Generations of American schoolchildren have known Robert Fulton as something he really wasn't: inventor of the steamboat. Cynthia Owen Philip's new study of Fulton reveals a man even more gifted, if less admirable, than his textbook image: an extraordinary artist, technologist, publicist and entrepreneur, a brilliant early incarnation of the All-American Hustler.
Born in 1765 to a poor Pennsylvania farming family, Fulton became a skilled artist and artisan by apprenticeship to a Philadelphia silversmith, as well as a broadly educated and articulate man by his own reading.
Sailing for England at age 21, he studied with his fellow American Benjamin West, had his work exhibited at the Royal Academy and soon was receiving commissions from a fashionable clientele. But Fulton grew dissatisfied with his progress as a painter and turned from fine art to engineering.
His unusual knack for visualizing new machines was apparent. He invented a prize-winning device for cutting marble and attracted the attention of progressive British landowners with a superbly written and produced plan for a national network of small canals--"a model of comprehensive regional development planning," as Philip calls it.
When British and American investors proved slow to support his ideas, Fulton moved to France in 1797 to begin a new career as a free-lance naval inventor and promoter.
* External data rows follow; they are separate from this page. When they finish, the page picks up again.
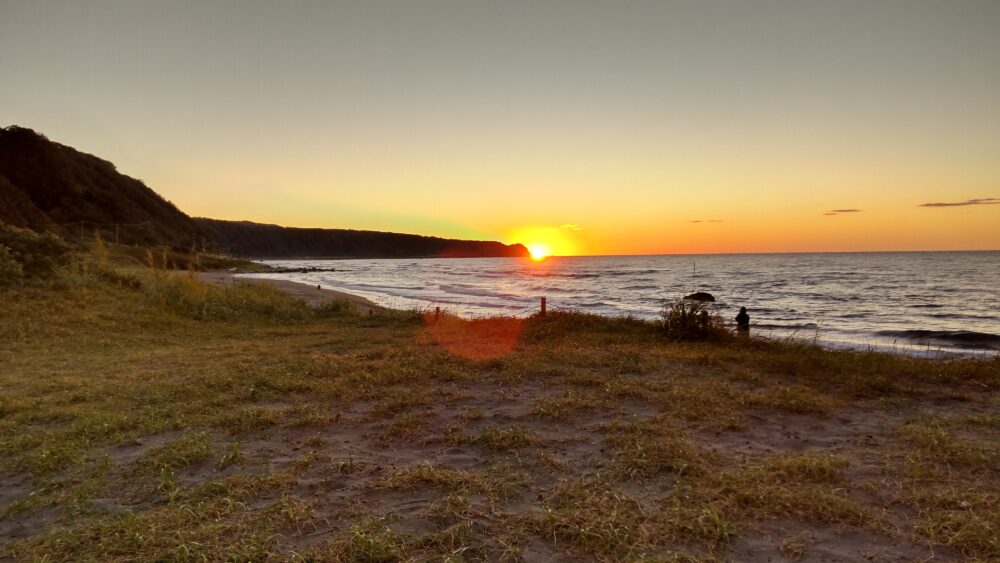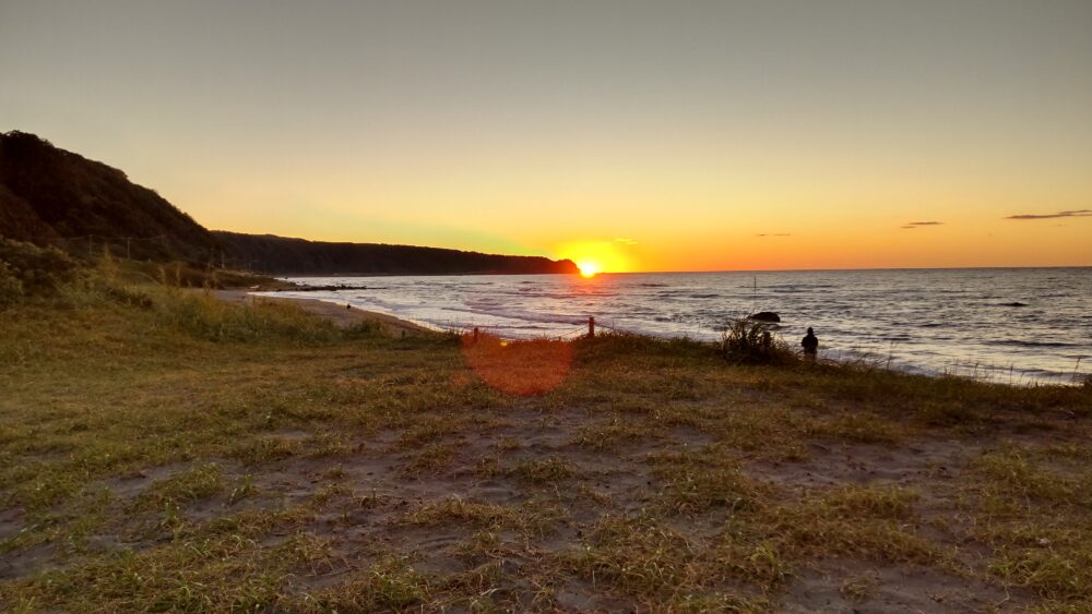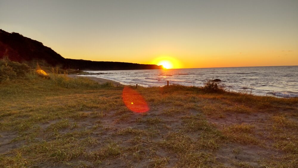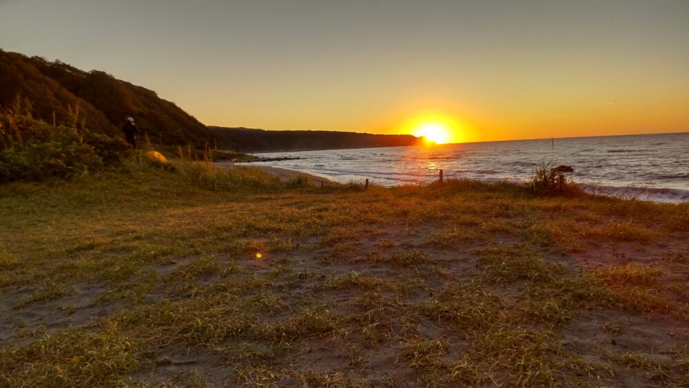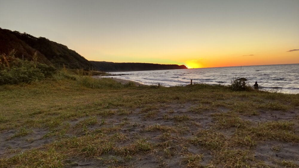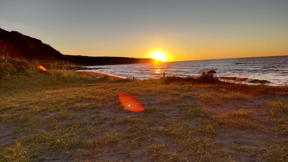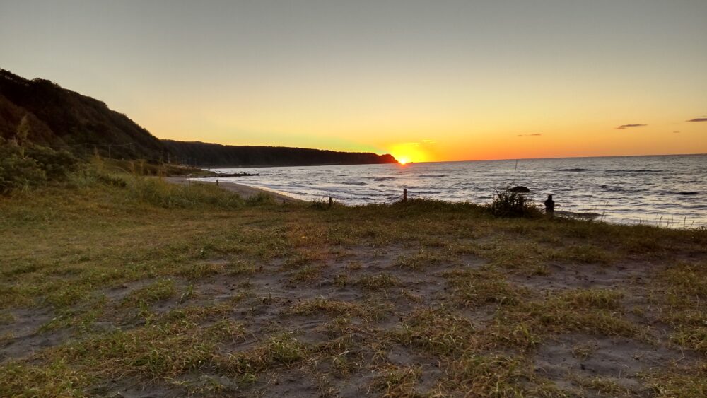 浜辺のキャンプ場から、海岸線に沈む太陽がきれい。
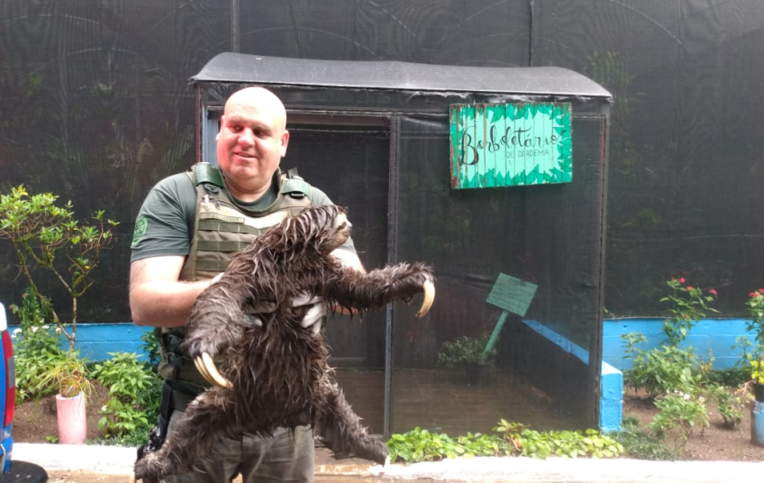 A Guarda Ambiental de Diadema resgatou uma bicho preguiça vista através das câmeras de videomonitoramento da Rua Alfenas.
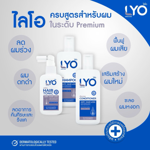ช่วยลดการหลุดร่วงของเส้นผม กระตุ้นการงอกใหม่ของเส้นผมให้แข็งแรง ลดความมันและความสกปรกบนหนังศีรษะ ลดอาการคันและขจัดรังแค พร้อมช่วยชะลอผมหงอกก่อนวัย ทำให้เส้นผมดกดำอย่างเป็นธรรมชาติ ใช้ได้ทุกวันโดยไม่ทำให้หนังศีรษะแห้งLYO Shampoo แชมพู
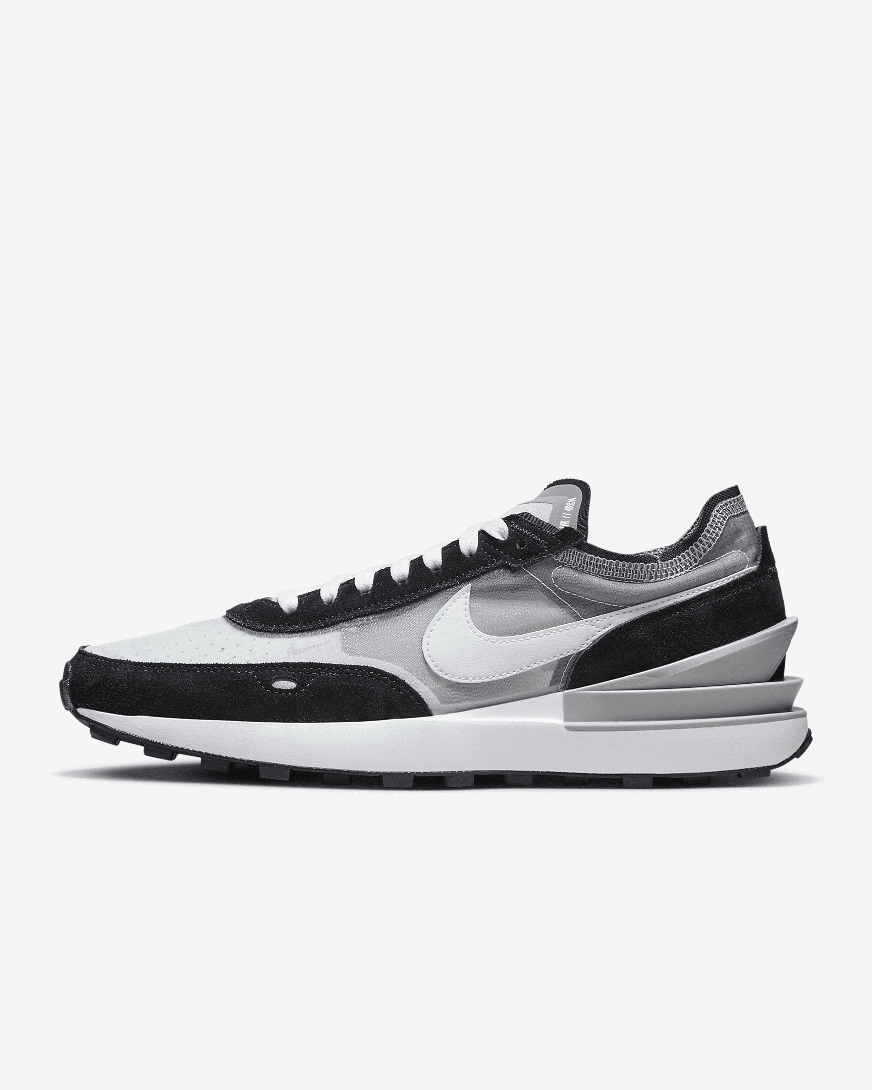 Bringing a new look to the Waffle sneaker family, the Nike Waffle One balances everything you love about heritage Nike running with fresh innovations. Its TPU heel clip adds energy while a mixture of transparent mesh (let that sock game shine) and retro suedes give texture and depth. The updated Waffle outsole provides a level of support and traction you have to feel to believe. Benefits - Mixed upper features transparent mesh and soft suedes, adding dimension and texture to the shoe. - Dual stacked midsole keeps the classic wedge shape of the Waffle franchise for a soft, cushioned ride. - New TPU heel clip creates a dynamic look that adds support and energy while the stitching mixes DIY appeal with urban edginess. - Iconic rubber Waffle outsole has been updated with new molded lugs for added support, traction and durability. - The low-cut collar features soft edges for a sleek look that feels comfortable. Product Details - Rubber sole - Not intended for use as Personal Protective Equipment (PPE) - Shown: Grey Fog/Light Smoke Grey/Photon Dust/Particle Grey - Style: DD8014-004
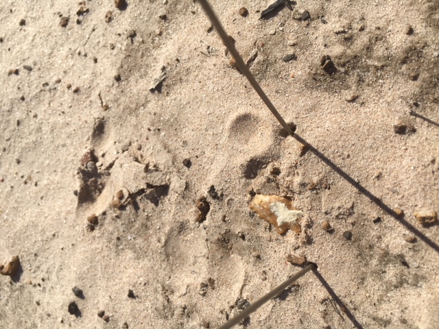 This day, Nate Mountjoy brought the Schonstedt Magnetic Locator to test the “hearth” areas that Guy had found. The locator, a long yellow pole with a small monitor near the handle, is similar to a metal detector, and its eerie hum contributed to the science fiction atmosphere of the drained lake. While two of the sites showed potential, a third had been too damaged by someone doing “donuts” in a four-wheeler – a real problem for the archaeologists who are investigating this site. Looters are also a problem, as the word is out that the lake has been drained. It is against state law to trespass or loot on the property, but that doesn’t stop people from trying.
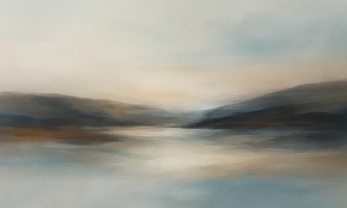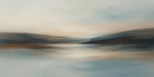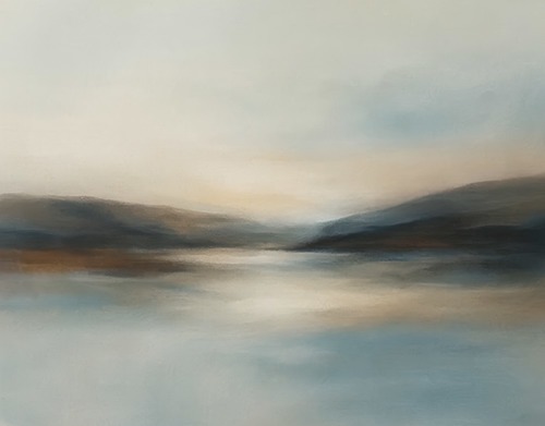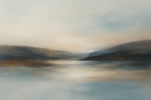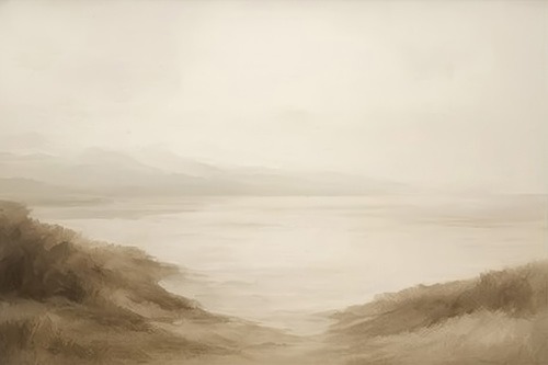 MUDECOR Framed Soft Mist Neutral Abstract Tranquil Beige Gradient Illustrations Realism Decorative Scenic Panoramic Earth Living Room Bedroom Office WHITE
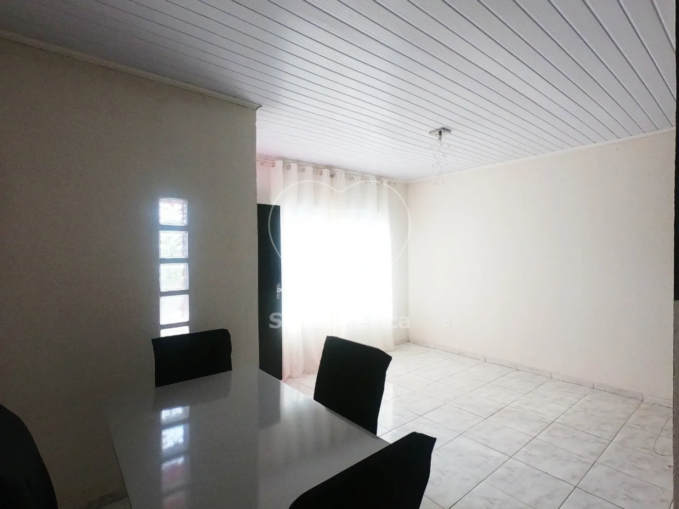 Casa contendo 2 quartos, sala ampla para dois ambientes, cozinha com armários, banheiro social com box em vidro, espelho e prateleiras, área de serviço independente, garagem para um carro e quintal.

He offered France's ruling Directory, and later Napoleon, a device illegal and cowardly under contemporary military thinking, but (according to Fulton) a means to peace and free trade through neutralization of British naval superiority. It was a submarine.
Finally disappointed by the French, the opportunistic Fulton returned to London in 1804 with a handsome British salary for developing the Nautilus, as he called it. After promising trials, it was abruptly dropped when victory at Trafalgar made it seem unneeded.
Fulton returned to America to rejoin his most powerful and lasting patron, Robert R. Livingston, who had met Fulton while serving as U.S. minister plenipotentiary to France and discovered their common interest in the steamship navigation of the Hudson. Fulton and Livingston collaborated in two related enterprises: defending the monopoly of Hudson steam navigation granted by the New York legislature, and developing profitable steamboats for all inland waterways, even as Fulton continued to promote his submarines and torpedoes.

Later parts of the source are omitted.